I'm attaching below a draft annual report to the IUCr executive for
2008.  If anybody thinks I've missed something important, please let
me know as soon as possible as the deadline is tomorrow (24th May).

James.
=====================
COMCIFS report 2008

The central event for COMCIFS this year was the Osaka congress, where
two closed meetings and one microsymposium were held. New standards
for writing CIF dictionaries (DDLm and dREL) were accepted in draft
form at the meeting, subject to some technical refinements. DDLm
represents a merging and enhancement of the original dictionary
languages (DDL1 and DDL2). The new standards will, among other things,
permit more modularity in dictionary construction and allow
mathematical relationships between CIF data items to be expressed in a
way that permits fully automated calculation of derived values.

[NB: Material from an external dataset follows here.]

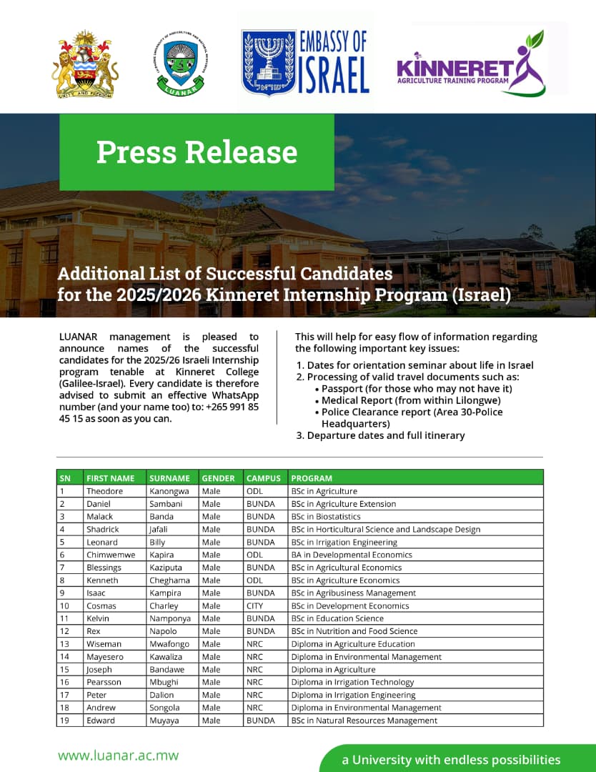 LUANAR management is pleased to announce names of the successful candidates for the 2025/26 Israeli Internship program tenable at Kinneret College (Galilee–Israel). Every candidate is therefore advised to submit an effective WhatsApp number (and your name too) to: +265 991 85 45 15 as soon as you can.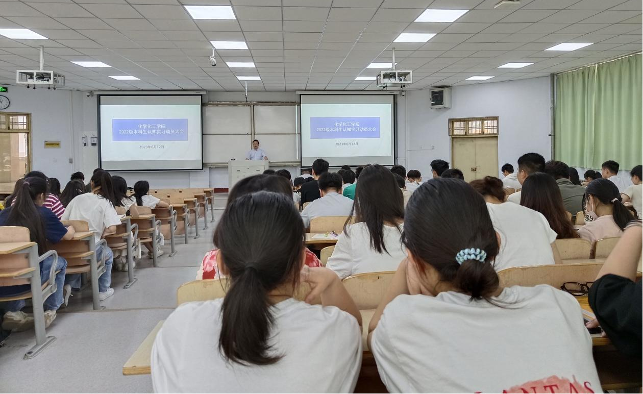 6月12日,化学化工学院2022级本科生认知实习动员大会在睢阳校区1号教学楼106教室举行。副院长王涛、各系系主任、2022级各班班主任及全体学生参加。大会由王涛主持。

imgCIF and the associated Crystallographic Binary Format (CBF) once
again saw significant activity in 2008, including roundtable technical
discussions with manufacturers and software developers during the
Osaka congress. CBF is seeing increasing takeup, with manufacturers
providing or developing CBF support for their detectors now including
Pilatus, ADSC, Rayonix and Rigaku. Software support for CBF is also
improving, with MOSFLM, ADXV and XDS all supporting CBF input.
Following work at a number of laboratories this year, programming
libraries for CBF support now exist in all major programming languages
used in handling diffraction images.

While technical development has been the focus of activity during the
year, dictionaries also continue to be maintained and upgraded. An
updated core CIF dictionary (version 2.4) was released in April,
representing the culmination of several years' work. Following the
publication of Volume A1 of International Tables, G. Madariaga is
leading a group which will resume work on updating and expanding the
symmetry CIF dictionary to include the information in the new volume.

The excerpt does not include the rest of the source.